__WORK TASK__. Restate the listing below word for word, and leave its pictures behind.

__DATA PROVIDED__.
▼

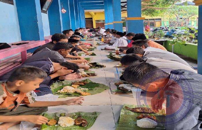 Irdina, salah satu siswi menyampaikan kegembiraannya karena bekal yang dibawah dari rumah serba lauk ikan dan senangnya dibungkus dengan daun pisang dan daun jati, biasanya nasi dibungkus dengan kertas minyak tapi ini dibungkus dengan daun jati, “ujar siswi kelas 3 ini.
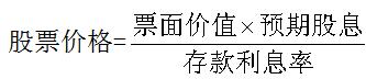 股票價格的高低與預(yù)期股息成正比,與銀行存款利息率成反比。
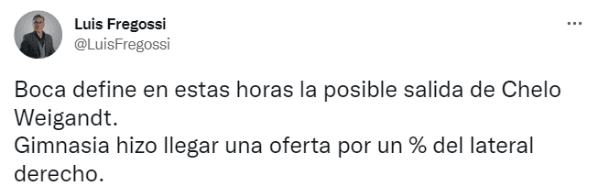 A pocas horas del cierre del mercado en la Liga, el periodista Luis Fregossi informó sorpresivamente que Marcelo Weigandt podría dejar el club y no por la vía del préstamo. “Boca define en estas horas la posible salida de ‘Chelo’ Weigandt. Gimnasia hizo llegar una oferta por un porcentajedel lateral derecho”, escribió el conductor deMundo Boca Radiopara informar acerca de la propuesta formal que le ha llegado al Consejo durante este jueves agitado.
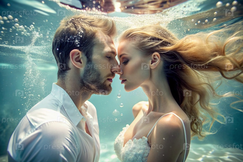 Красивые влюбленные. мужчина и женщина под водой на глубине. романтические отношения. необычное свидание

▲

__TASK RESULT__.
 Irdina, salah satu siswi menyampaikan kegembiraannya karena bekal yang dibawah dari rumah serba lauk ikan dan senangnya dibungkus dengan daun pisang dan daun jati, biasanya nasi dibungkus dengan kertas minyak tapi ini dibungkus dengan daun jati, “ujar siswi kelas 3 ini.
 股票價格的高低與預(yù)期股息成正比,與銀行存款利息率成反比。
 A pocas horas del cierre del mercado en la Liga, el periodista Luis Fregossi informó sorpresivamente que Marcelo Weigandt podría dejar el club y no por la vía del préstamo. “Boca define en estas horas la posible salida de ‘Chelo’ Weigandt. Gimnasia hizo llegar una oferta por un porcentajedel lateral derecho”, escribió el conductor deMundo Boca Radiopara informar acerca de la propuesta formal que le ha llegado al Consejo durante este jueves agitado.
 Красивые влюбленные. мужчина и женщина под водой на глубине. романтические отношения. необычное свидание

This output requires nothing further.